We now have a short list of attributes related to the region where the gene is located.
3.5 using select()
To provide a more consistent interface for all annotations in the Bioconductor, select(), columns(), keytypes(), and keys() have been implemented to wrap some of the existing functions above. These methods are called the same way they are used in other parts of the project, except that they do not take the AnnotationDb derived class, but take the Mart derived class as their first parameter. Otherwise, the usage should be basically the same. You still use columns() to discover what can be extracted from the Mart and keytypes() to discover what can be used as the key for select().
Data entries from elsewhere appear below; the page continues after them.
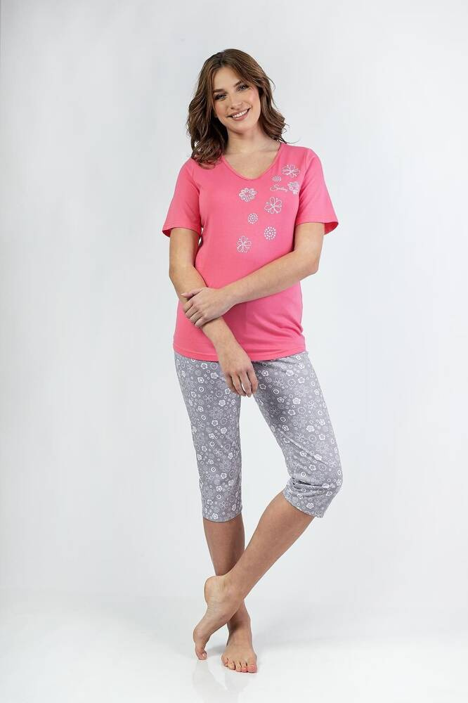 Дамска пижама от висококачествен памук. Тениска с къс ръкав, V-образно деколте
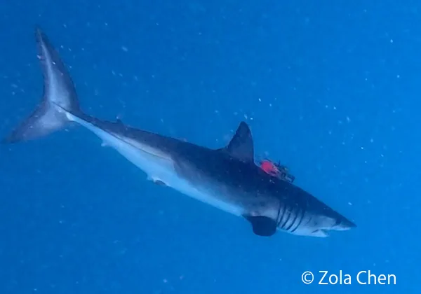 Figure 1. A shortfin mako shark equipped with a data logger. © Zola Chen
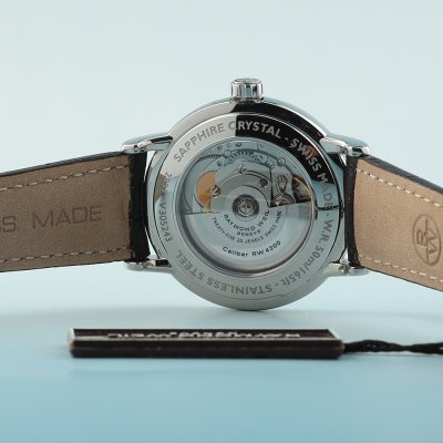Cette montre Raymond Weil a un boîtier Inox 39.5 mm en diamètre et est équipée d'un bracelet cuir. Le boîtier contient un mouvement Sellita et la montre est dotée d'un cristal Saphire..
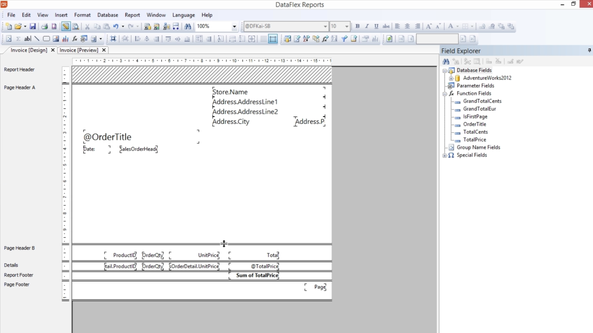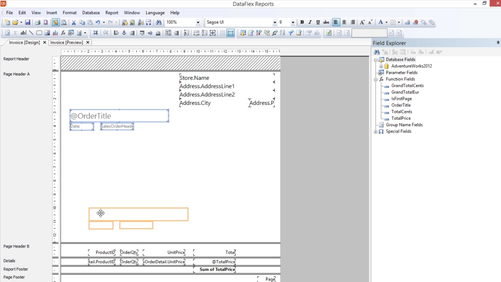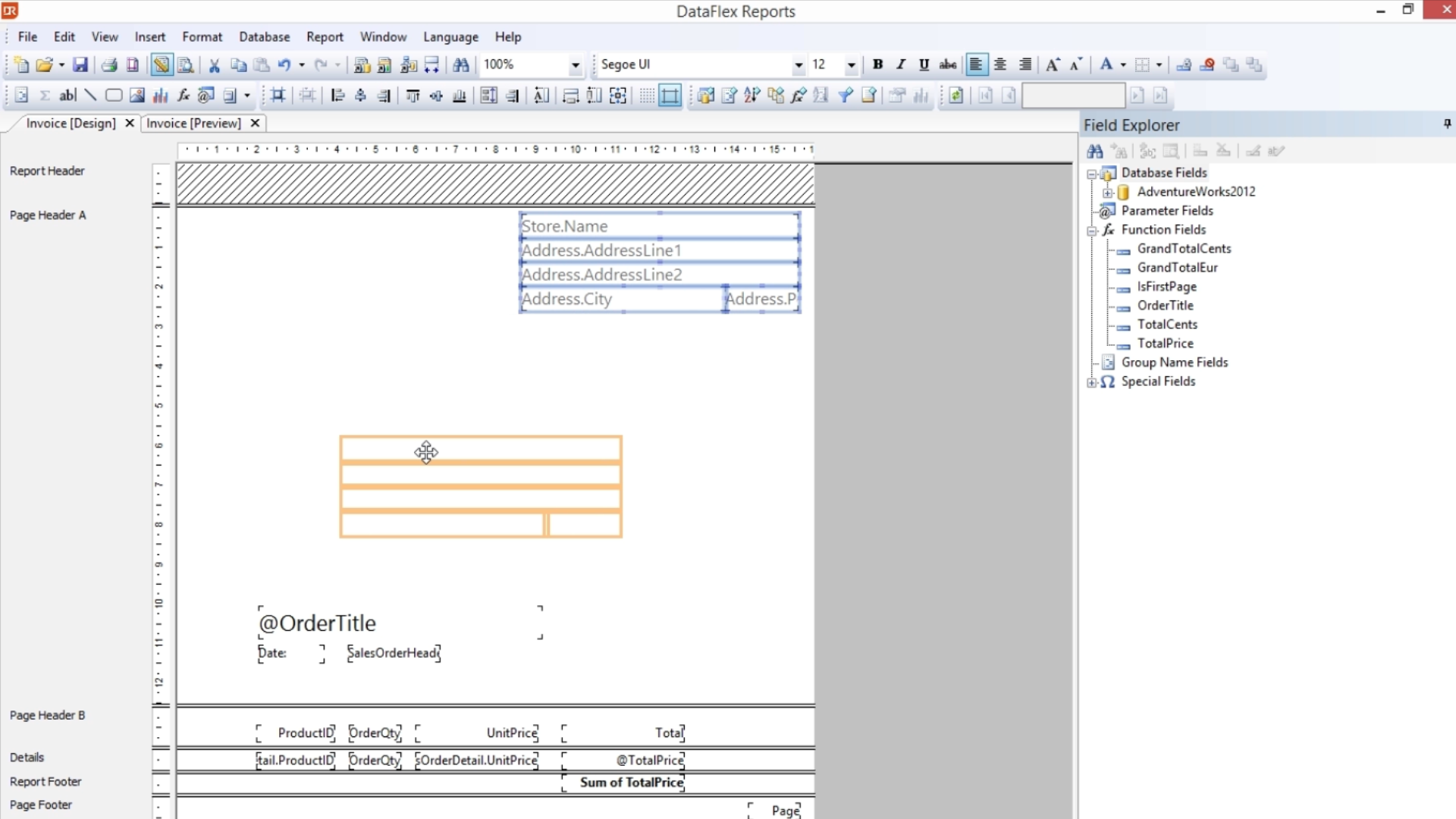 Select and drag the @OrderTitle information and the name and address section to the proper locations.
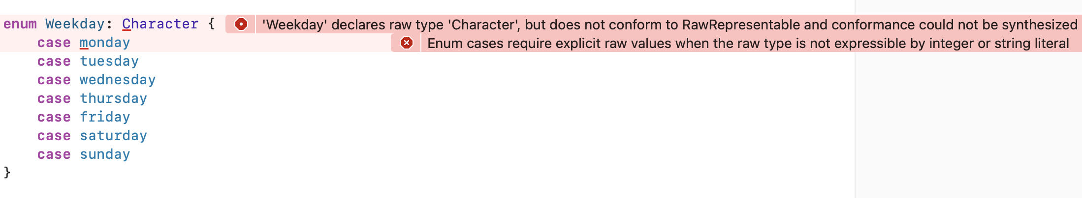 Weekday.monday Weekday.tuesday Weekday.wednesday Weekday.thursday Weekday.friday Weekday.saturday Weekday.sunday var today = Weekday.sunday today = .saturdaytodayμλ νμ¬ μ΄κ±°ν Weekdayκ° μ μ₯λμ΄μκΈ° λλ¬Έμ, μ»΄νμΌλ¬κ° todayμ μλ£νμ μκ³ μλ€.
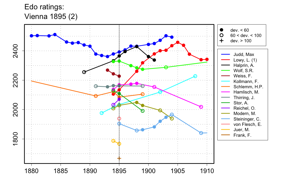 | The results are reported in the 16 Jun. 1895 issue of the Allgemeiner Sport-Zeitung (p.617) and the intended end date was the end of Apr. 1895, so I will guess that it actually ended in May 1895. The play-off for fifth prize was won by Weiss over Thirring, but how many games were played is not indicated. I assume 1-0 for Weiss. |
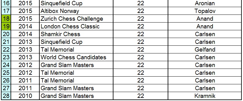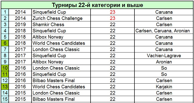 Понятно, что Карлсен больше не участвует в кандидатских турнирах. Но, благодаря его рейтингу, турниры с его участием имеют больше шансов оказаться в этой таблице.
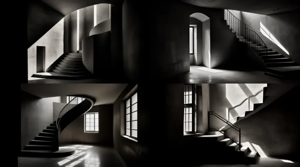 photo by Hélène Binet, upward angle, delicate balance of light and shadow, rich textures, soul and essence of a space, very visually captivating --ar 16:9
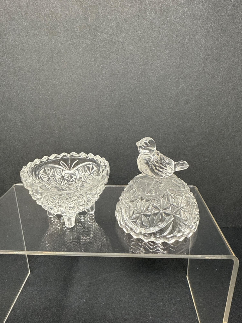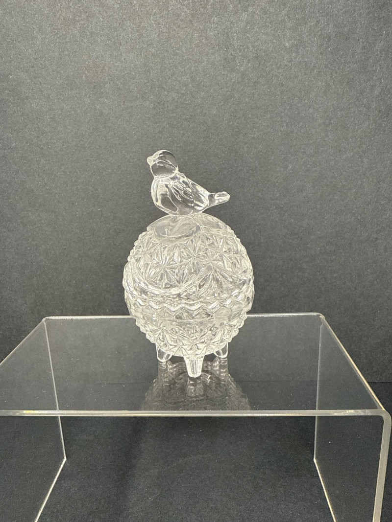 Design Features: Tripod-footed trinket dish with pressed geometric pattern Lid topped with perched bird finial
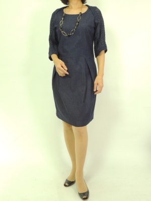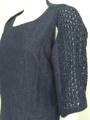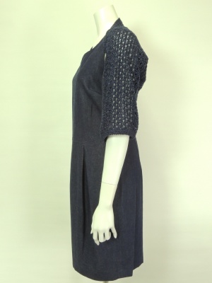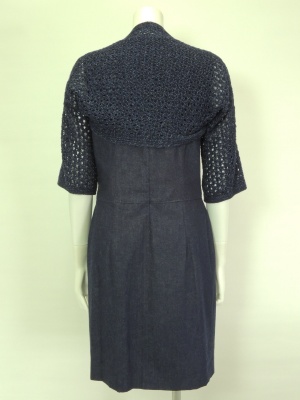 デニムワンピースとかぎ針ニットボレロの2点セット。
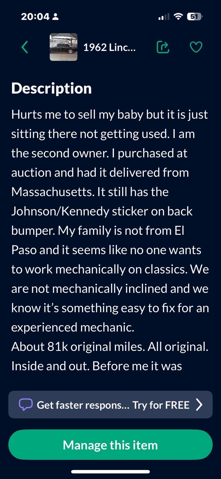 I am the second owner. I purchased from the original owner who lived in Massachusetts and kept it in his garage. Please look at all pictures. Will need to pick up or arrange shipping. Will need a trailer. Please ask if you have questions. Hard to find these and even better in this condition.
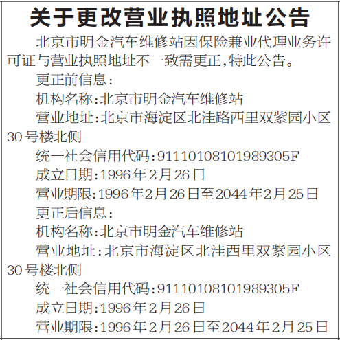 北京市明金汽车维修站因保险兼业代理业务许可证与营业执照地址不一致需更正,特此公告。
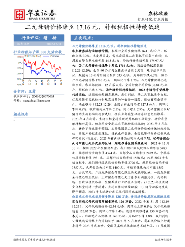 【华安证券】【20221231】20221231-华安证券-农林牧渔行业周报:二元母猪价格降至17.16元,补栏积极性持续低迷-40页 行业研究

> mart <- useEnsembl(dataset = "hsapiens_gene_ensembl", biomart='ensembl') > head(keytypes(mart),n=3)  "affy_hc_g110" "affy_hg_focus" "affy_hg_u133_plus_2" > head(columns(mart), n = 3)  "3_utr_end" "3_utr_end" "3_utr_start"
You can still use keys() to extract potential keys for a particular key type.
> k = keys(mart, keytype="chromosome_name") > head(k, n=3)  "1" "2" "3"
With keys(), you can even take advantage of the additional parameters available to other key methods
> k = keys(mart, keytype="chromosome_name", pattern="LRG") > head(k, n=3) character(0)
Unfortunately, the keys() method is not applicable to all key types because they are not all supported.
But you can still use select() here to extract data columns that match a particular keyset (this is basically a wrapper for getBM()).
> affy=c("202763_at","209310_s_at","207500_at") > select(mart, keys=affy, columns=c('affy_hg_u133_plus_2','entrezgene_id'), keytype='affy_hg_u133_plus_2') affy_hg_u133_plus_2 entrezgene_id 1 202763_at 836 2 209310_s_at 837 3 207500_at 838
So why do we do this when we already have a function like getBM()? There are two reasons: 1) for those who are familiar with select and its auxiliary methods, they can now continue to use biomaRt to make the same type of calls they are already familiar with; 2) Because select methods are implemented in many places elsewhere, the fact that these methods are shared allows more convenient programmatic access to all these resources. An example package that takes advantage of this is the OrganismDbi package. Multiple packages can be accessed as one resource.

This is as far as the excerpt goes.